Vet Connect: Weight Loss in Horses


Whenever we think about changes in body weight, there is a specific thought process used to identify the reasons for it. This approach is based on an understanding of the balance between a given horse’s energy intake and energy output. Weight loss results from an imbalance between caloric intake and expenditure of energy. Factors that affect either (or both) intake and outflow will change the balance and affects a horse’s weight. If there is more energy expenditure than caloric intake, a horse will lose weight. 

In order to determine whether a horse is underweight or not, it is first important to know what their optimal weight should be. This is a very subjective assessment. The closest we can come to making an objective judgment is through an established Body Condition Score System, which rates horses on a scale of 1-9. On this scale, 1 is emaciated and 9 is obese. Body condition scores of 5 to 6 are considered optimal. This system is based on assessment of the muscle and fat that cover the bony landmarks of the body, especially of the top-line and ribs. 

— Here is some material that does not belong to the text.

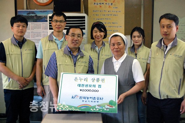 ▲ 한국농어촌공사 충남지역본부가 성모의 집을 방문해 온누리 상품권을 전달했다.
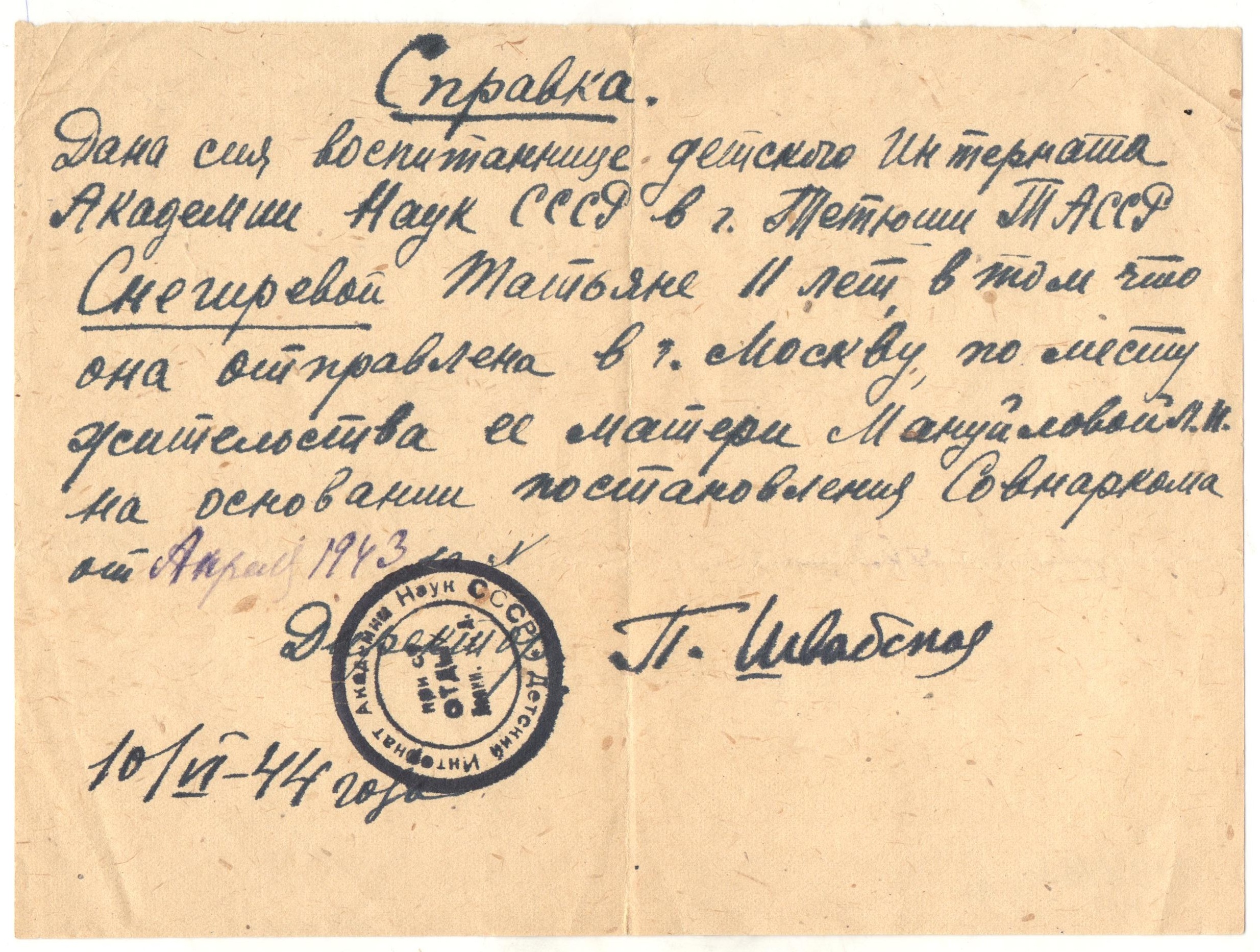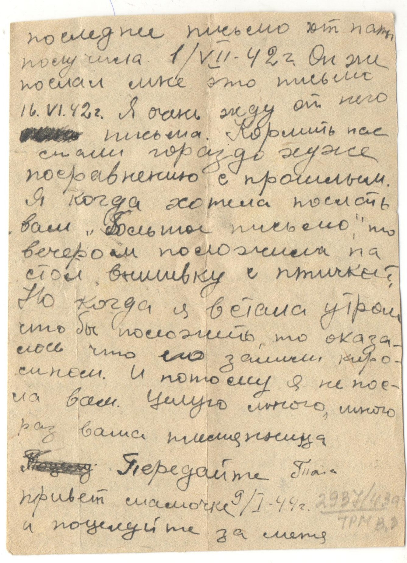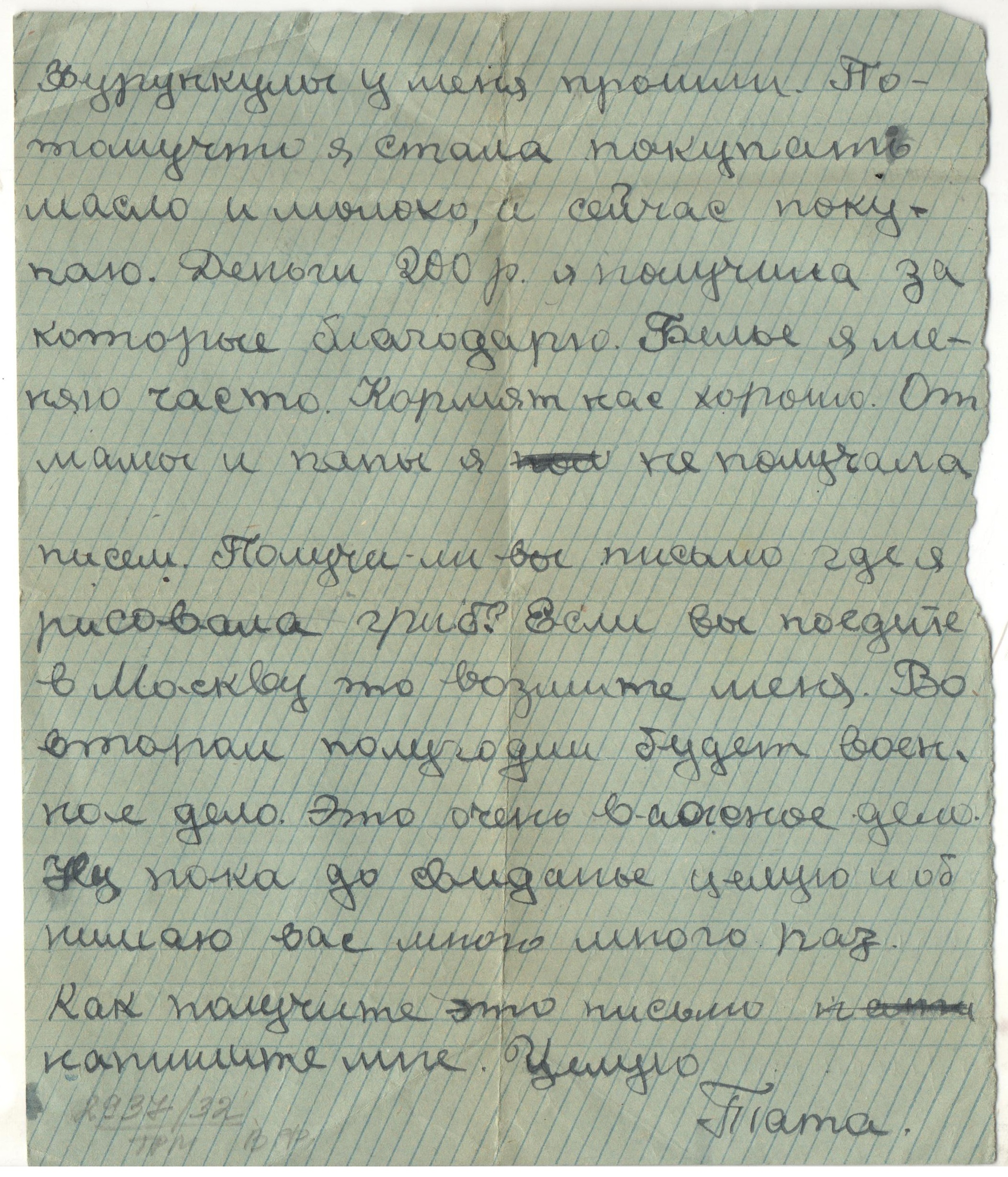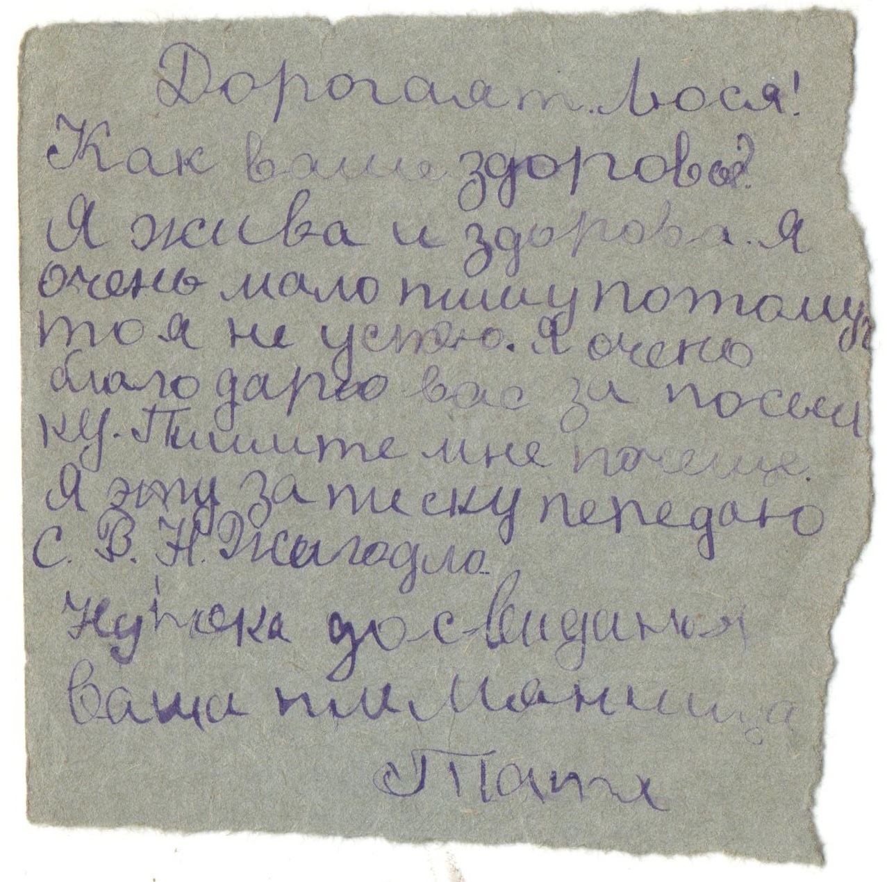 «Дорогая тетя Люся! Как ваше здоровье? Вместе с вашим письмом получила от папы открытку «В атаку». Боевой папин товарищ у меня был. Я написала с ним папе письмо. Кормят нас хорошо, три раза в день. Я ни в чем не нуждаюсь. Деньги у меня есть, я хожу на базар и покупаю там молоко, яйца, творог, огурцы. До свидания. Целую и обнимаю. Тата ».

Healthy body systems and metabolism results in the nutrients in the bloodstream being processed, with the necessary energy used and the remainder put into body stores in the form of complex sugars, muscle, and fat. Anything that decreases nutritional intake, with all else being equal, will result in weight loss. Therefore, the most common reasons for weight loss in horses are: 

  • Inadequate feed intake or feed quality mismatched to nutritional needs. 
  • Inadequate processing of feed resulting from dental problems. 
  • Parasite infestation. Parasites compete for nutrition and cause damage to the intestinal tract, which decreases the absorption of nutrients. 
  • Aside from dental abnormalities, older horses simply have more difficulty assimilating nutrients from their intestinal tract. For that reason, they require more easily digestible and absorbable feeds.
  • Disease- Sick animals lose weight because energy is needed to heal or fight infection; this is often made worse because they tend not to eat as much. 
  • Animals in chronic pain also lose weight. Tumors are a common cause of weight loss in older horses. Many tumors secrete substances that directly cause weight loss by breaking down body stores of energy. 

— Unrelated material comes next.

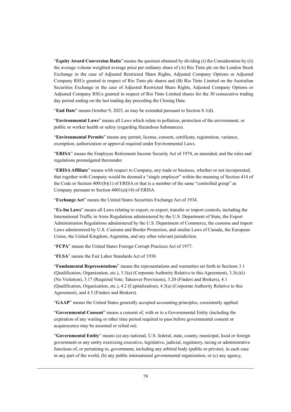 57 rEquity Award Conversion Ratios c[Wdi j^[ gkej_[dj eXjW_d[Z Xo Z_l_Z_d] (_) j^[ =edi_Z[hWj_ed Xo (__) j^[ Wl[hW][ lebkc[ m[_]^j[Z Wl[hW][ fh_Y[ f[h ehZ_dWho i^Wh[ e\ (;) L_e N_dje fbY ed j^[ FedZed MjeYa ?nY^Wd][ _d j^[ YWi[ e\ ;Z`kij[Z L[ijh_Yj[Z M^Wh[ L_]^ji* ;Z`kij[Z =ecfWdo Ifj_edi eh ;Z`kij[Z =ecfWdo LMOi ]hWdj[Z _d h[if[Yj e\ L_e N_dje fbY i^Wh[i WdZ (<) L_e N_dje F_c_j[Z ed j^[ ;kijhWb_Wd M[Ykh_j_[i ?nY^Wd][ _d j^[ YWi[ e\ ;Z`kij[Z L[ijh_Yj[Z M^Wh[ L_]^ji* ;Z`kij[Z =ecfWdo Ifj_edi eh ;Z`kij[Z =ecfWdo LMOi ]hWdj[Z _d h[if[Yj e\ L_e N_dje F_c_j[Z i^Wh[i \eh j^[ 1. Yedi[Ykj_l[ jhWZ_d] ZWo f[h_eZ [dZ_d] ed j^[ bWij jhWZ_d] ZWo fh[Y[Z_d] j^[ =bei_d] >Wj[, rEnd Dates c[Wdi IYjeX[h 7* 0.03* Wi cWo X[ [nj[dZ[Z fkhikWdj je M[Yj_ed 6,/(Z), rEnvironmental Lawss c[Wdi Wbb FWmi m^_Y^ h[bWj[ je febbkj_ed* fhej[Yj_ed e\ j^[ [dl_hedc[dj* eh fkXb_Y eh meha[h ^[Wbj^ eh iW\[jo (h[]WhZ_d] BWpWhZeki MkXijWdY[i), rEnvironmental Permitss c[Wdi Wdo f[hc_j* b_Y[di[* Yedi[dj* Y[hj_\_YWj[* h[]_ijhWj_ed* lWh_WdY[* [n[cfj_ed* Wkj^eh_pWj_ed eh WffhelWb h[gk_h[Z kdZ[h ?dl_hedc[djWb FWmi, rERISAs c[Wdi j^[ ?cfbeo[[ L[j_h[c[dj CdYec[ M[Ykh_jo ;Yj e\ /752* Wi Wc[dZ[Z* WdZ j^[ hkb[i WdZ h[]kbWj_edi fheckb]Wj[Z j^[h[kdZ[h, rERISA Affiliates c[Wdi m_j^ h[if[Yj je =ecfWdo* Wdo jhWZ[ eh Xki_d[ii* m^[j^[h eh dej _dYehfehWj[Z* j^Wj je][j^[h m_j^ =ecfWdo mekbZ X[ Z[[c[Z W ri_d]b[ [cfbeo[hs m_j^_d j^[ c[Wd_d] e\ M[Yj_ed 2/2 e\ j^[ =eZ[ eh M[Yj_ed 2../(X)(/) e\ ?LCM; eh j^Wj _i W c[cX[h e\ j^[ iWc[ rYedjhebb[Z ]hekfs Wi =ecfWdo fkhikWdj je M[Yj_ed 2../(W)(/2) e\ ?LCM;, rExchange Acts c[Wdi j^[ Od_j[Z MjWj[i M[Ykh_j_[i ?nY^Wd][ ;Yj e\ /712, rEx-Im Lawss c[Wdi Wbb FWmi h[bWj_d] je [nfehj* h[+[nfehj* jhWdi\[h eh _cfehj Yedjhebi* _dYbkZ_d] j^[ Cdj[hdWj_edWb NhW\\_Y _d ;hci L[]kbWj_edi WZc_d_ij[h[Z Xo j^[ O,M, >[fWhjc[dj e\ MjWj[* j^[ ?nfehj ;Zc_d_ijhWj_ed L[]kbWj_edi WZc_d_ij[h[Z Xo j^[ O,M, >[fWhjc[dj e\ =ecc[hY[* j^[ Ykijeci WdZ _cfehj FWmi WZc_d_ij[h[Z Xo O,M, =kijeci WdZ <ehZ[h Jhej[Yj_ed* WdZ i_c_bWh FWmi e\ =WdWZW* j^[ ?khef[Wd Od_ed* j^[ Od_j[Z E_d]Zec* ;h][dj_dW* WdZ Wdo ej^[h h[b[lWdj `kh_iZ_Yj_ed, rFCPAs c[Wdi j^[ Od_j[Z MjWj[i @eh[_]d =ehhkfj JhWYj_Y[i ;Yj e\ /755, rFLSAs c[Wdi j^[ @W_h FWXeh MjWdZWhZi ;Yj e\ /716, rFundamental Representationss c[Wdi j^[ h[fh[i[djWj_edi WdZ mWhhWdj_[i i[j \ehj^ _d M[Yj_edi 1,/ (KkWb_\_YWj_ed* Ih]Wd_pWj_ed* [jY,)* 1,1(W) (=ehfehWj[ ;kj^eh_jo L[bWj_l[ je j^_i ;]h[[c[dj)* 1,1(Y)(_) (He P_ebWj_ed)* 1,/5 (L[gk_h[Z Pej[9 NWa[el[h Jhel_i_edi)* 1,0. (@_dZ[hi WdZ <hea[hi)* 2,/ (KkWb_\_YWj_ed* Ih]Wd_pWj_ed* [jY,)* 2,0 (=Wf_jWb_pWj_ed)* 2,1(W) (=ehfehWj[ ;kj^eh_jo L[bWj_l[ je j^_i ;]h[[c[dj)* WdZ 2,3 (@_dZ[hi WdZ <hea[hi), rGAAPs c[Wdi j^[ Od_j[Z MjWj[i ][d[hWbbo WYY[fj[Z WYYekdj_d] fh_dY_fb[i* Yedi_ij[djbo Wffb_[Z, rGovernmental Consents c[Wdi W Yedi[dj e\* m_j^ eh je W Ael[hdc[djWb ?dj_jo (_dYbkZ_d] j^[ [nf_hWj_ed e\ Wdo mW_j_d] eh ej^[h j_c[ f[h_eZ h[gk_h[Z je fWii X[\eh[ ]el[hdc[djWb Yedi[dj eh WYgk_[iY[dY[ cWo X[ Wiikc[Z eh h[b_[Z ed), rGovernmental Entitys c[Wdi (W) Wdo dWj_edWb* O,M, \[Z[hWb* ijWj[* Yekdjo* ckd_Y_fWb* beYWb eh \eh[_]d ]el[hdc[dj eh Wdo [dj_jo [n[hY_i_d] [n[Ykj_l[* b[]_ibWj_l[* `kZ_Y_Wb* h[]kbWjeho* jWn_d] eh WZc_d_ijhWj_l[ \kdYj_edi e\* eh f[hjW_d_d] je* ]el[hdc[dj* _dYbkZ_d] Wdo WhX_jhWb XeZo (fkXb_Y eh fh_lWj[)* _d [WY^ YWi[ _d Wdo fWhj e\ j^[ mehbZ* (X) Wdo fkXb_Y _dj[hdWj_edWb ]el[hdc[djWb eh]Wd_pWj_ed* eh (Y) Wdo W][dYo*

When designing a feeding program, keep in mind the basic metabolic differences among breeds and individuals. A young thoroughbred racehorse will be a much “harder keeper” than a 10-year-old pony gelding. Breeding stallions, late-term pregnant mares and lactating mares are all fed to account for their additional energy expenditures. Within breeds, certain individuals will be harder keepers than others. The basis of most equine feeding programs is good quality forage or hay. Many idle horses without special needs maintain healthy weight on grass hay alone. Make sure all horses are on an appropriate parasite control program, and keep them all in good dental health. It is always best to work with your veterinarian to identify and treat underlying health problems causing weight loss.